[auksas]

4.5 g of aluminum is mixed with sulfur. How many grams of aluminum sulfide were obtained?

0,17mol
4,5g                        x mol, x g
2Al+3S Al₂S₃
2mol 3mol          1mol

M(Al)=27g/mol
n(Al)=4,5g/27g/mol=0,17mol

x=0,17mol*1mol / 2 mol= 0,085mol
n(Al₂S₃)=0,085mol
M(Al₂S₃)=150g/mol
m(Al₂S₃)=0,085mol*150g/mol=12,75g

The answer of this task is 24,9 g Al2S3. Where am I wrong? I can solve other tasks using the same method, but this time I've got the wrong answer.

[Hunter2]

Your result is correct. The given answer in the task is 2 times to large.

[auksas]

Your result is correct. The given answer in the task is 2 times to large.

But why? When such steps to right solution must be done?

[Hunter2]

I would say is a mistyping or mis calculation.

[Borek]

Must be a mistake in the answer key.

Note though: don't round down intermediate results, only the final answer. Correct result is not 12.75g but 12.52g.

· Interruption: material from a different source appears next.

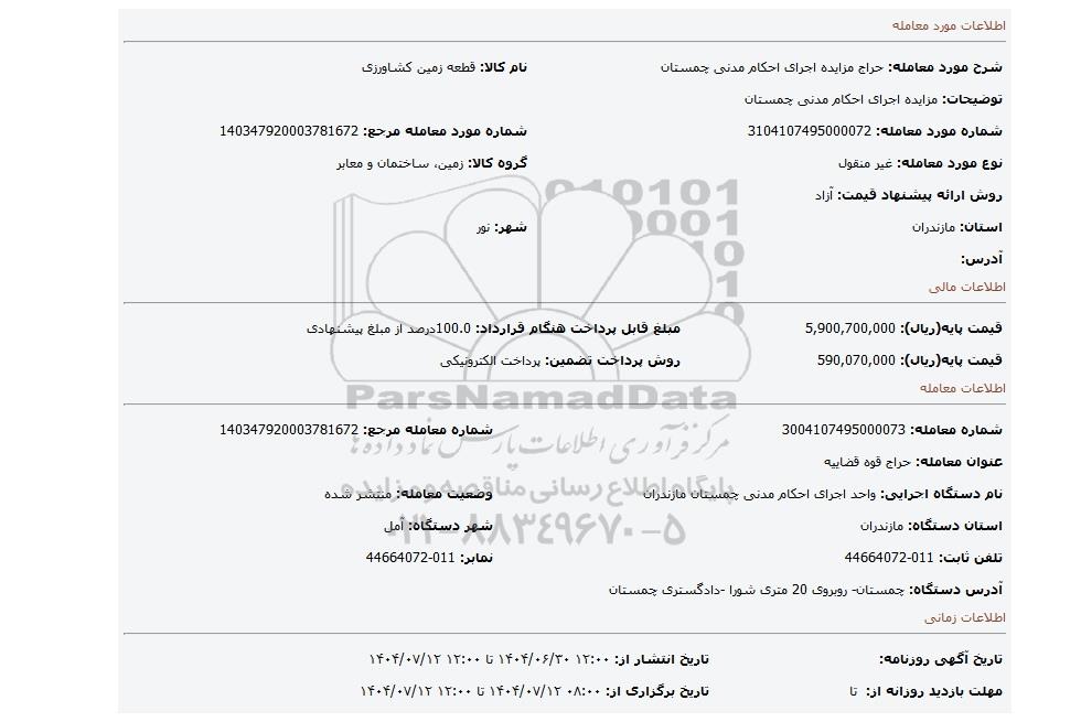| شرح مورد معامله: حراج مزایده اجرای احکام مدنی چمستان | نام کالا: قطعه زمین کشاورزی | |

Technically it should be rounded down to 2 significant digits, so 13g in both cases. Some teachers treat significant digits almost religiously. In reality they don't matter much, kind of a poor man's way of expressing the accuracy. There are better and much more strict ways.

[auksas]

I would say is a mistyping or mis calculation.

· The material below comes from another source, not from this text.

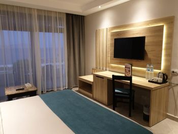Заселение было просто ужасное, заселили в номер, который не соответствовал фото на букинге. В номере не были помыты полы и он был жутко грязный, холодный и убитый. Сотрудники на ресепшен никакие, единственное, что они могут выдать ключ от номера и позвать менеджера. После многочисленных жалоб, к 18.00 поменяли номер на немного лучше. В номерах полностью отсутствует звукоизоляция, спать можно только с 23.00, когда выключают музыку у главного ресторана. Еды достаточно, но мясные блюда и гарниры не вкусные. Кофе в кофемашине не вкусное, вместо молока сухие сливки. Большая часть территории заброшена и требует ремонта.
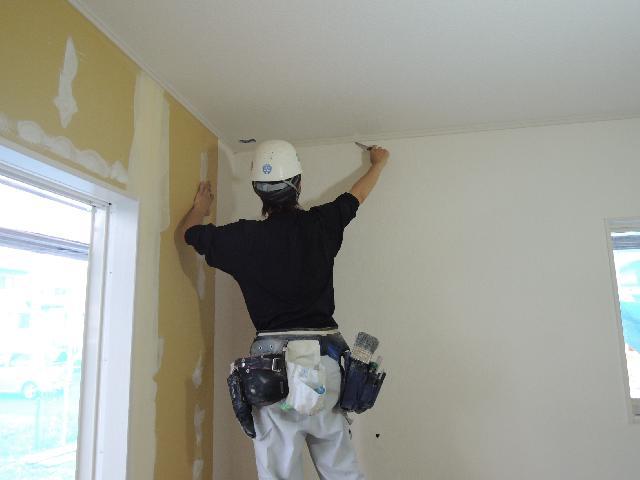 天井のクロス貼りが終了し、壁クロスの施工に入っております。

Obviously. But I can't find where

[auksas]

Must be a mistake in the answer key.

Note though: don't round down intermediate results, only the final answer. Correct result is not 12.75g but 12.52g.

Technically it should be rounded down to 2 significant digits, so 13g in both cases. Some teachers treat significant digits almost religiously. In reality they don't matter much, kind of a poor man's way of expressing the accuracy. There are better and much more strict ways.

Thanks

[Barbara Lewis]

Yes, I also think that you gave the right variant and the give one was a typo.
Given:
4.5 g Al
Balanced equation:
2Al + 3S → Al2S3
Moles of Al:
4.5 g Al / 27 g/mol Al = 0.17 mol Al
Using stoichiometry:
0.17 mol Al * (1 mol Al2S3 / 2 mol Al) = 0.085 mol Al2S3
Grams of Al2S3:
0.085 mol Al2S3 * 150 g/mol Al2S3 = 12.75 g Al2S3
Therefore, unless there is additional information missing, the final mass of Al2S3 obtained from reacting 4.5 g Al with excess S should be 12.75 g.